* **EXERCISE OBJECTIVE**:
Nothing but the lines below from the one containing "Για έβδομη συνεχόμενη" through the one containing "Рис.29. Цифровое фото" should appear in the answer, exact and without pictures.

* **DATA TO USE**:

★ ★ ★ ★ ★ ★ ★

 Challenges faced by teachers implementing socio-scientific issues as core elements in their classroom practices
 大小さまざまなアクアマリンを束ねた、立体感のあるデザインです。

★ ★ ★ ★ ★ ★ ★

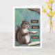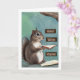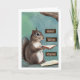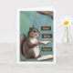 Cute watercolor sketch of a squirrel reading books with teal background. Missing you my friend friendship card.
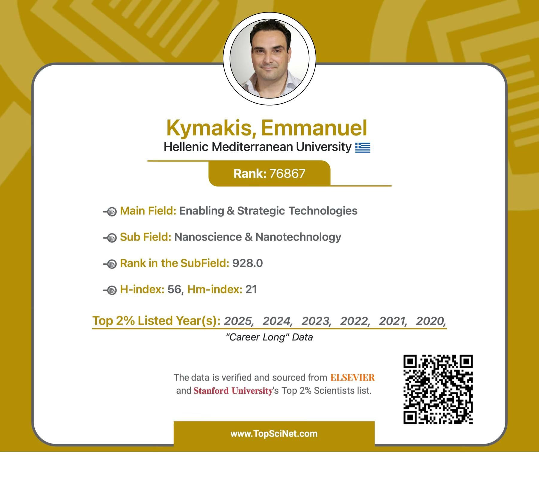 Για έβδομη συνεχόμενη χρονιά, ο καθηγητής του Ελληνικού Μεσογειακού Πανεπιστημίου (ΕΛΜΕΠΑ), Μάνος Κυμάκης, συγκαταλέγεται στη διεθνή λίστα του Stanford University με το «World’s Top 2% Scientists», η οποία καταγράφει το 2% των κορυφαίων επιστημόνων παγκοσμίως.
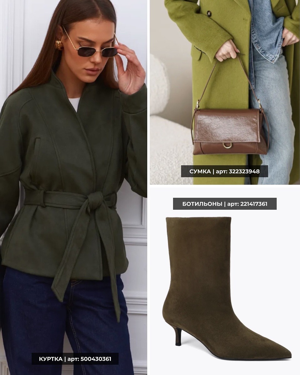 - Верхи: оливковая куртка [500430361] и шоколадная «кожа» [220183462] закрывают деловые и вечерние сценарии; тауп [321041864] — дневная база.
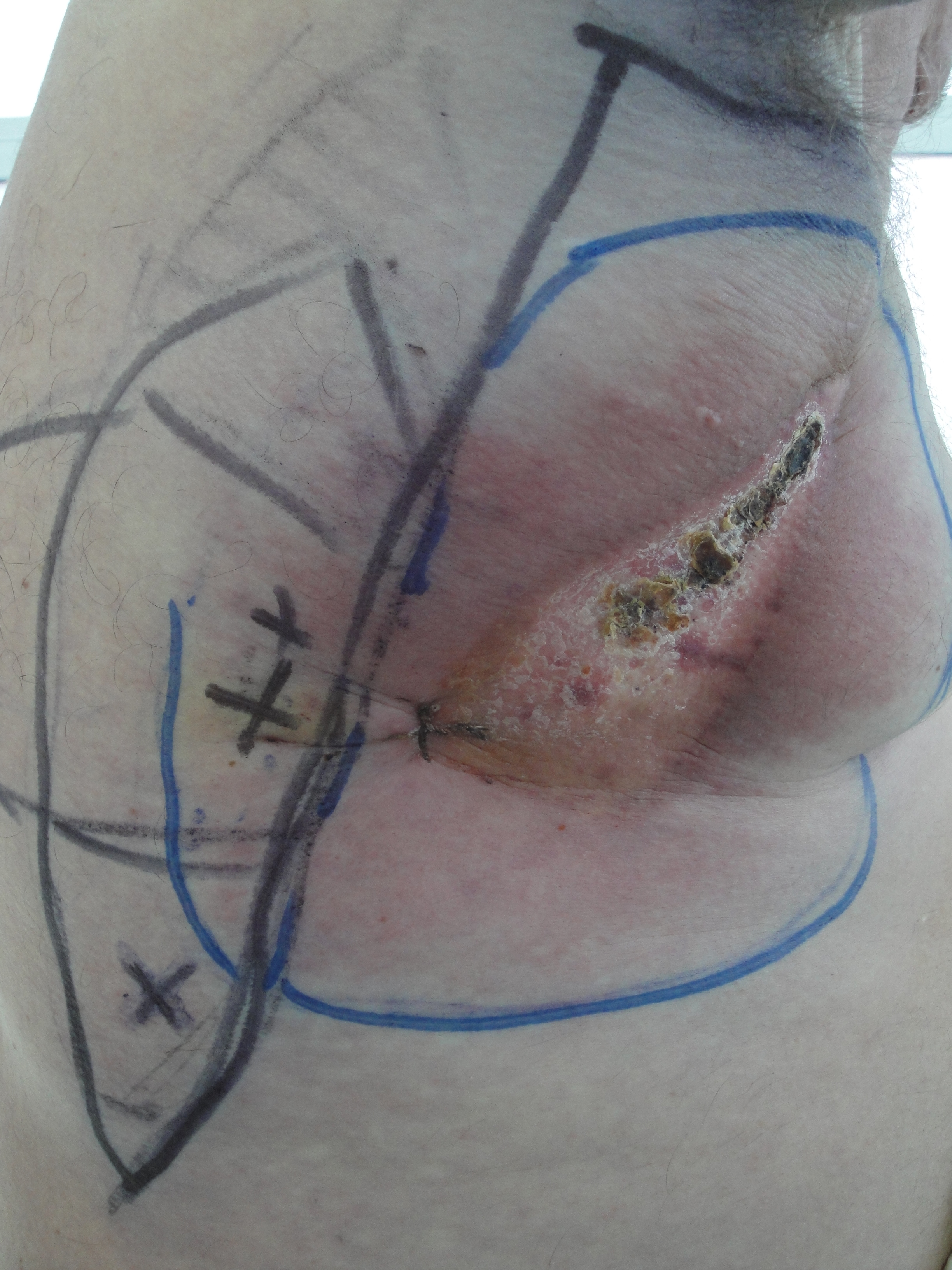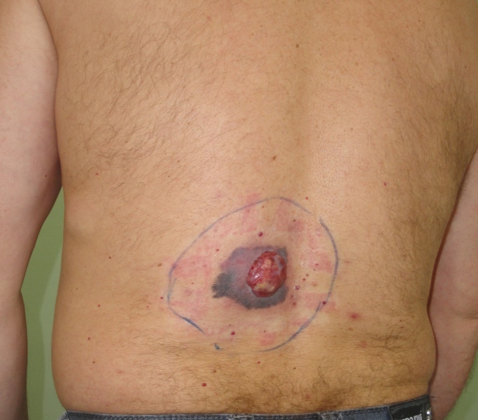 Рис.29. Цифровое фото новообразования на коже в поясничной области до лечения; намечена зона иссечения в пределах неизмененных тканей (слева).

★ ★ ★ ★ ★ ★ ★

* **EXPECTED ANSWER**:
 Για έβδομη συνεχόμενη χρονιά, ο καθηγητής του Ελληνικού Μεσογειακού Πανεπιστημίου (ΕΛΜΕΠΑ), Μάνος Κυμάκης, συγκαταλέγεται στη διεθνή λίστα του Stanford University με το «World’s Top 2% Scientists», η οποία καταγράφει το 2% των κορυφαίων επιστημόνων παγκοσμίως.
 - Верхи: оливковая куртка [500430361] и шоколадная «кожа» [220183462] закрывают деловые и вечерние сценарии; тауп [321041864] — дневная база.
 Рис.29. Цифровое фото новообразования на коже в поясничной области до лечения; намечена зона иссечения в пределах неизмененных тканей (слева).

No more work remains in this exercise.